Estar en Babia

Alguna vez, todos hemos estado en Babia. Inclusive los que no saben dónde diablos queda ese paraje, le han regalado una visita. Y los hay que son huéspedes ilustres del lugar.

Babia existe, mi amigo lector, y no es más que una comarca de la provincia española de León. Se cuenta que en la baja Edad Media, la caza de osos, corzos y jabalíes era abundante por allá, y los reyes escogieron el sitio como estación para el reposo, a fin de alejarse de las intrigas palaciegas y el sopor de la política.

Aquel era algo así como su Honolulu. Los monarcas la pasaban de maravillas lejos del mundanal ruido, y cuando la curiosidad de los súbditos los hacía preguntar por sus señores, recibían de los ministros una lacónica respuesta: “Están en Babia”.

De entonces a la fecha, irse a Babia es estar con la mente distante, ausente, enajenado. En su Florilegio de Refranes, el sacerdote José María Sbarbi y Osuna afirma que por Babia se entiende comúnmente “el país de los tontos. Por eso se dice que está en Babia el que se halla completamente distraído o alelado”.

Como lo definió hace mucho tiempo el lexicógrafo José María Iribarren, al final de cuentas Babia es un estado psicológico que se ubica entre el “dolce far niente” y el “no quiero saber nada”.

De eso se trata, pues. De estar comiendo lo que pica el camarada pollo.

París bien vale una misa

Casi nadie lo sabe, al parecer, pero esta frase que a menudo repetimos se le atribuye a uno de los gobernantes más honorables que dio Francia, Enrique IV.

Dicen que la pronunció cuando se dirigía a ser coronado en la capital del país galo, para lo cual había tenido que abjurar de su fe protestante y convertirse al catolicismo.
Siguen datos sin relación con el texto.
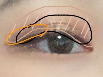 시빼테는 쌍커풀라인보다 살짝위로 전체적으로

Fue en ese momento que escupió lo que luego sería un dicho inmortal: “Paris vaut bien une messe”.

Puede que lo haya hecho de veras, o tal vez  solo sea uno de tantos casos donde la leyenda le encasqueta hazañas o expresiones a la persona equivocada. Pero lo cierto es que el modismo encierra a la perfección la idea del sacrificio que se hace a cambio de un beneficio mayor, y de la dejación de algunas convicciones en el camino de obtener ventajas materiales.

¿Habrá seguido siendo calvinista de corazón el viejo Enrique IV, y únicamente ‘se disfrazó’ de católico para llegar al trono? ¿O será que el afán de poder lo hizo renunciar de verdad a sus creencias? ¿Valdrá París una misa?

Puede ser. Sin embargo, lo primero que vale París –seguro estoy- es la visita.